Oral Presentation ANZBMS-MEPSA-ANZORS 2022

Lumbar spinal canal occlusion due to bulging of intervertebral disc (#80)

Dale L Robinson 1 , Melanie Franklyn 2 , David C Ackland 1 , Peter Vee Sin Lee 1
  1. University of Melbourne, Parkville, VIC, Australia
  2. Defence Science and Technology Group, Melbourne, VIC, Australia

During spinal fractures, occlusion of the spinal canal presents a high risk of neurological deficit due to bone fragments being retropulsed into the canal. There is evidence that bulging of the intervertebral disc can also result in neurological compression [1], yet no previous studies have examined how this alternative mechanism in detail. For example, it is unclear to what extent the spinal canal may be occluded by the disc or whether occlusion is influenced by morphometric variation.

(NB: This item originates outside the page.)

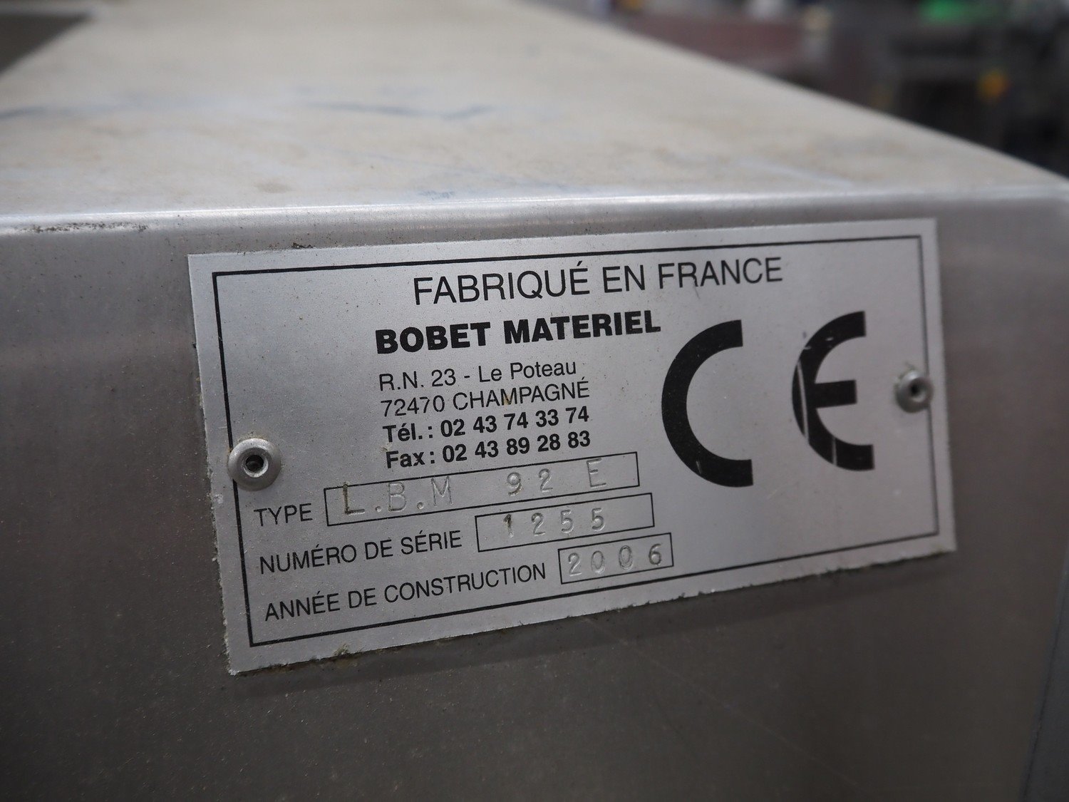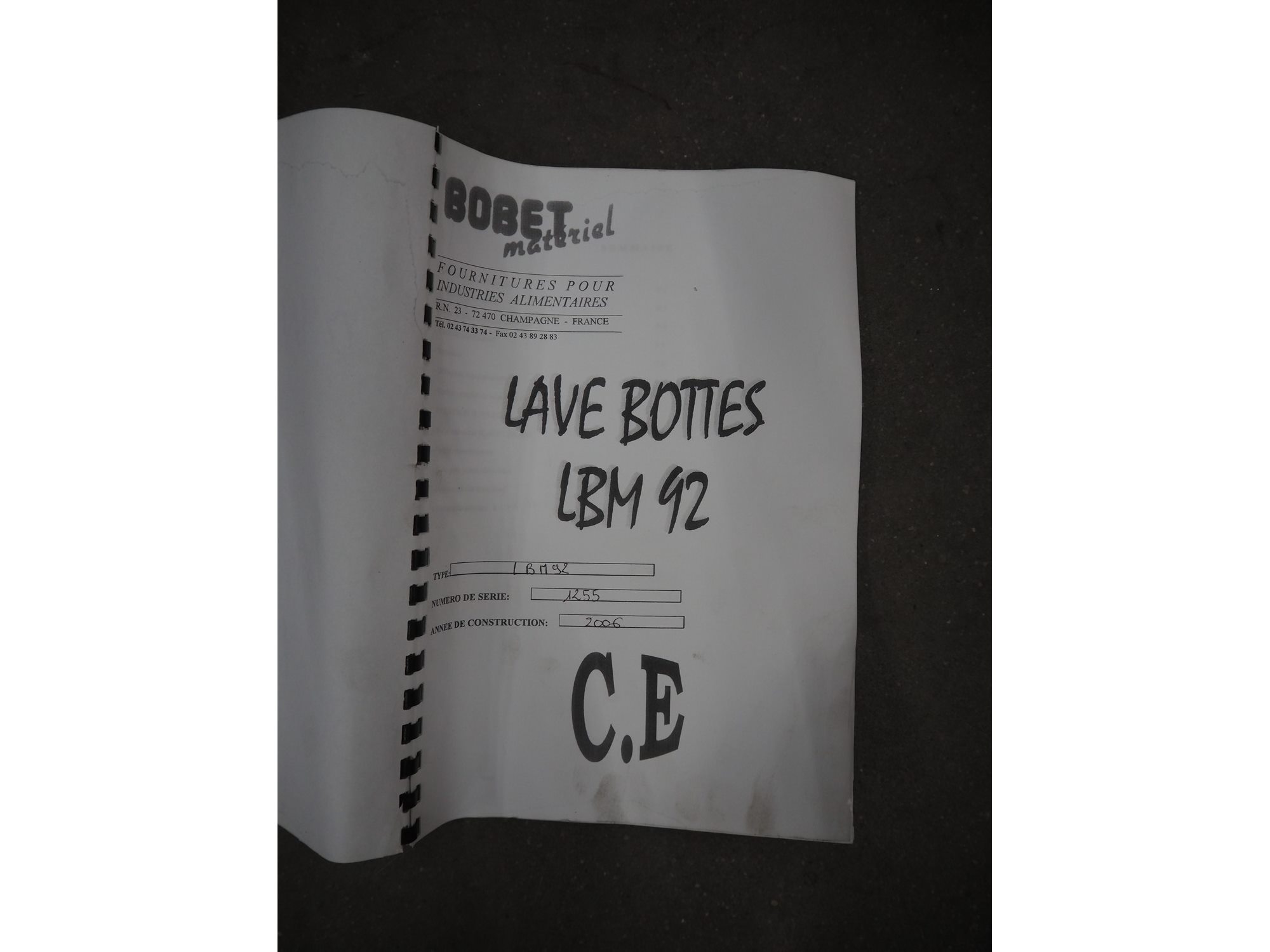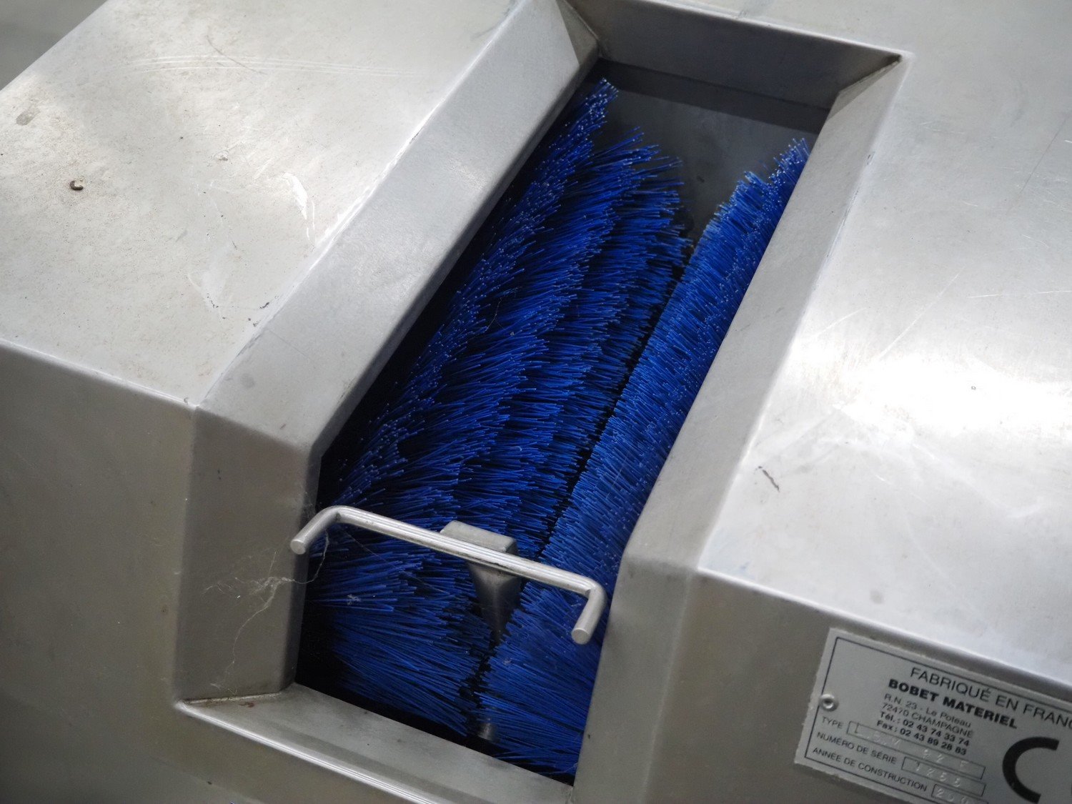 Bobet Materiel boot cleaner, type: L.B.M 92E, serial number: 1255, year of construction: 2006, 400 V, 3 Ph, 50 Hz, 0.75 kW, weight: 110 kg, brush length: (2x) 350 mm, total dimensions: 1500 mm x 600 mm x 1280 mm. Kavel locatie: Schouwrooij 29, 5281 RE Boxtel, Nederland

These questions are relevant to understanding spinal injuries encountered in military scenarios, where there are disproportionately high rates of spinal injuries below the thoracolumbar junction. The aim of this study was to quantify how lumbar spine canal occlusion induced by disc bulging is influenced by vertebral fracture or morphometic variation between different spinal positions.

Twenty sets of three-vertebra specimens with centre vertebra encompassing L1 to L5 were compressed at 1m/s. Canal occlusion was measured optically with a high-speed camera (Figure 1). The compression test was repeated with incremental increases in displacement until a bone fracture was identified using acoustic emission sensors and computed tomographic imaging. For axial compression prior to fracture, the peak occlusion was 29.9+/-10.0%, which was deduced to result from posterior bulging of the intervertebral disc. The maximum occlusion correlated significantly with lumbar spinal level (p<.001) and the cross-sectional area of the vertebra (p=.031). It may be concluded that disc bulging can cause significant amounts of lumbar spinal canal occlusion, which is more severe at distal levels. This finding is of clinical relevance because occlusion from disc bulging may not be apparent radiographically. Further, the lower lumbar spine's greater susceptibility to occlusion suggests that this location ought to be the focus of new injury mitigation technologies in situations at risk of high-rate axial compression.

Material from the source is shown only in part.